The building owners are using a not-too-unusual trick to avoid paying for all of their change work orders. It’s a common scenario; I’ve heard similar stories from other contractors and it happens in both residential and commercial projects. This is how it works:
The job gets started and at some point, the contractor runs into a necessary change. Usually it’s a design problem, or a change required by an inspector because something isn’t up to code. Sometimes it’s selections that aren’t turning out the way the owner or the architect/designer expected.
The contractor, as they should, writes a Change Work Order (CWO) specifying all the changes to be done, with a price, and gives it to the owner. Sometimes the CWO is given to the architect or the project manager, but eventually it makes its way to the owner, who sits on it. In the meantime the job moves ahead.
After waiting, usually three weeks or more, the owner sends a notice that they are rejecting the CWO for some reason. The change has already been made with no documentation or approval in writing from the owner’s or project manager.
Make no mistake about this, the delay is done deliberately by the owner. They are trying to get the work done for free or at a greatly reduced rate. They know that the contractor wants to get the project finished and get out of there and that, in all likelihood, since the change has already been made on the project the contractor will reduce the price of the CWO or write it off rather than bother to fight.
This scenario can play out any number of ways, but the underlying approach used is almost always the same.
Keep in mind that someone who has the financial wherewithal to put up buildings in the multimillion dollar range likely has experience in building, and they know the tricks they can use to keep from paying full price. They also have deep enough pockets that they can outwait most contractors.
How do you protect yourself from a game like this? Before you submit a proposal or sign any documents or make any agreements for any job of this size, find out how the job will be financed. Is there a lender involved, and if so, who are they? Or is the owner financing it themselves? Make sure you have correct contact information so you can communicate with the lender.
Put your proposal together with a clear payment schedule. Let them know that you’ll be filing a notice of intent to lien the first day of the job, and the lender will be getting a copy of that notice.
In your documentation or proposal, make it clear that if your payment schedule isn’t met, you’ll file a lien immediately. Also explain that if you have to file a lien and they still haven’t paid after thirty days (or however many days you want to set), you’ll start foreclosure.
Too many contractors might be scared to take this approach because they don’t want to alienate the owner. Gang, this will only alienate an owner who doesn’t intend to keep the payment schedule. This is business. Why would you work for an individual or company that doesn’t intend to pay you on time? A honest building owner who intends to keep their contract promises won’t be alienated because they know it won’t be an issue.

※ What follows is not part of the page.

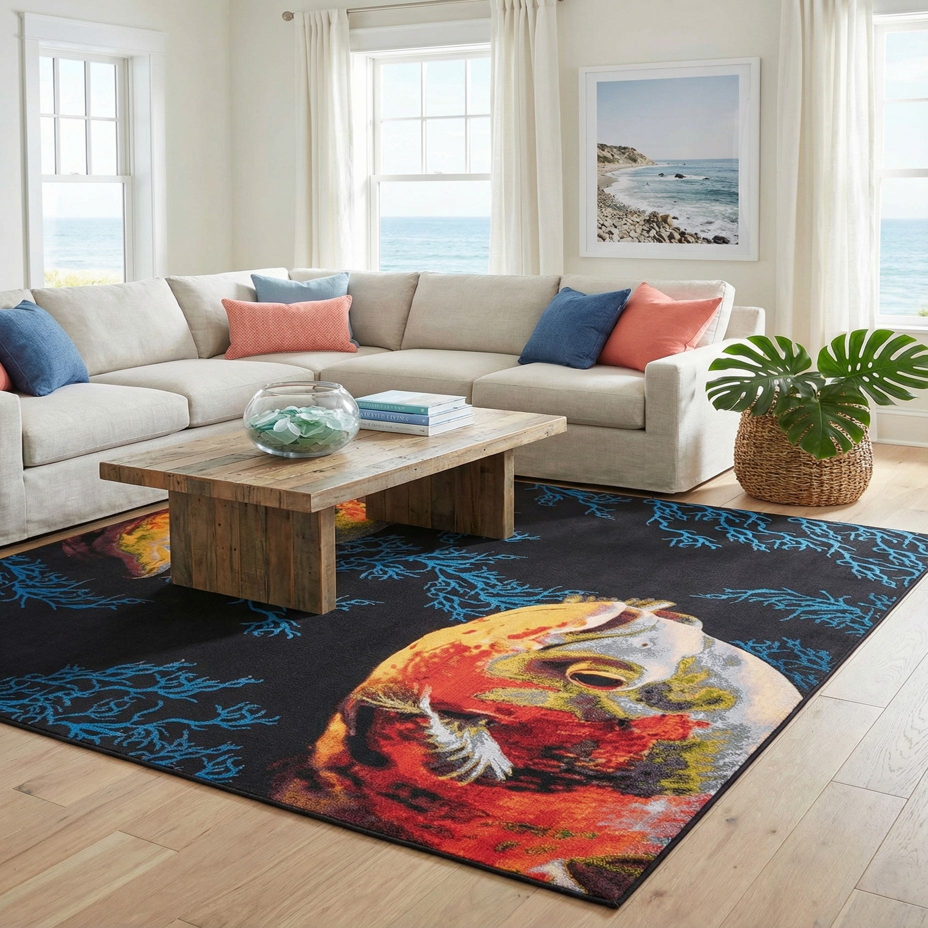 This Outdoor Coastal Collection rug brings a touch of marine life to any setting. The design showcases a dynamic depiction of fish with a contrast of warm and cool colors, creating an underwater seascape on your floor. The palette includes multi-tone hues of black, blue, brown, red, gold, olive, navy blue, and yellow set against a varied multi-colored background, which allows for versatile placement in multiple outdoor settings or interiors looking for a coastal ambiance.
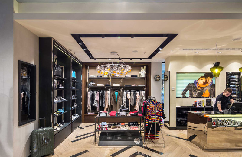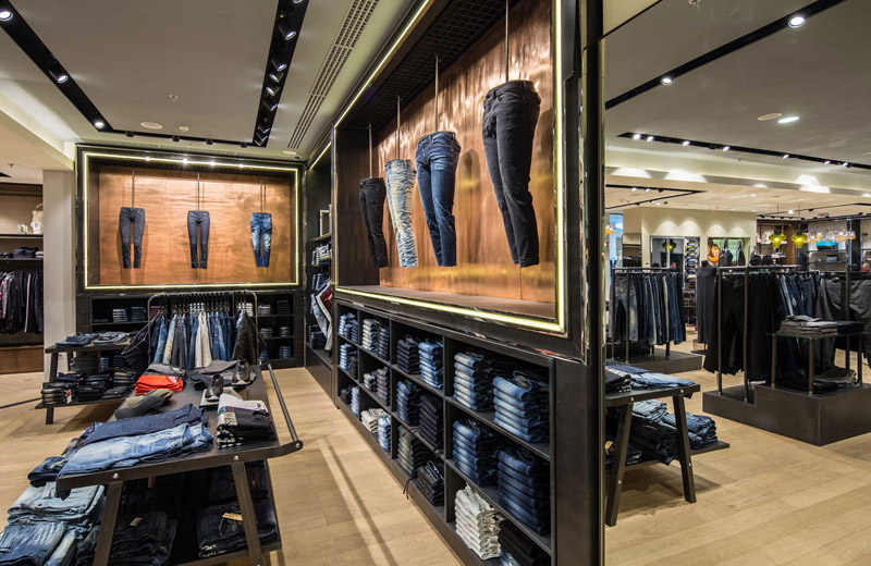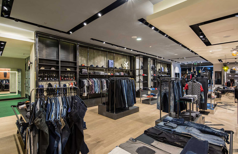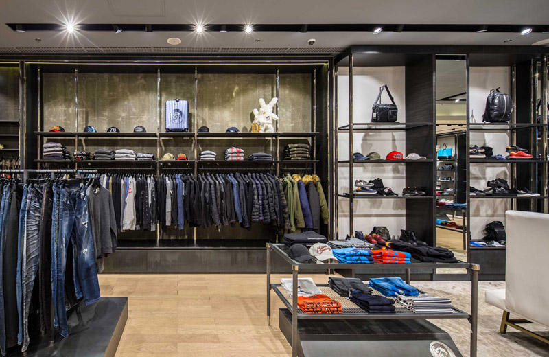 Магазин Diesel представляє італійський бренд деніма, чоловічого та жіночого одягу, взуття, аксесуарів. Це преміальний бренд, що накладає відбиток на його презентацію перед потенційними покупцями. Раніше ми вже розповідали про специфіку освітлення магазинів одягу.

This approach will eliminate the owners who hope to take advantage of you. You’ll hear, “We don’t work like that” or “Your proposal is non-responsive” or whatever else they can dream up to avoid working with you. They know they won’t be able to play the game of not responding to your CWOs and paying you for your work and on time.
There are a few more things to consider. When you write a CWO for a job, include a time limit on the approval. Three days is plenty of time for an owner to decide to make a change or not. Maybe four or five days in some instances, but weeks or months? Not necessary. Also tell them in writing that if they don’t approve or deny it in that time frame, you’ll assume it’s been approved and you’ll implement the change in order to keep the time schedule. That might or might not hold up in a court fight, but it’s worth documenting and it should encourage them to decide much faster.
Never agree to make changes on a job without your full markup. Depending on the change, it would be smart to add an additional ten to twenty percent over your full markup.
Make sure your documentation includes the payment schedule for change work orders. You’ll get half down at the time, and, if it’s a residential job, the balance is added to the next progress payment. If it’s a commercial job, you’ll get half down upfront, and the balance within three days of the CWO completion. You should never wait to the end of the job to be paid for a change work order. Never. That’s non-negotiable.
Here’s another trick that some owners try to use on contractors. They’ll tell you that they aren’t going to pay for a change because “the plans were wrong”. If you drew the plans for the job, it’s your fault. But if they or their architect furnished the plans for the job, and those plans had errors or code violations, it’s on them. The trick is that the bid documents state that the contractor is responsible for all field measurements and building applications. In their minds, that means you assume responsibility for all costs when changes need to be made.
Don’t ever sign on to a job or agree that you’re responsible for field measurements and building applications. The person they paid to do the plans is responsible. If they don’t agree, you’d be smart to walk away from the job.
Unscrupulous people have always been out there, and they will continue to try and put the screws to honest, hardworking contractors as long as they can find ones who are willing to build their jobs. Do your homework, get all the info upfront and if you write a strong proposal, you will send most of these rats scurrying for their holes before you ever get to the contract.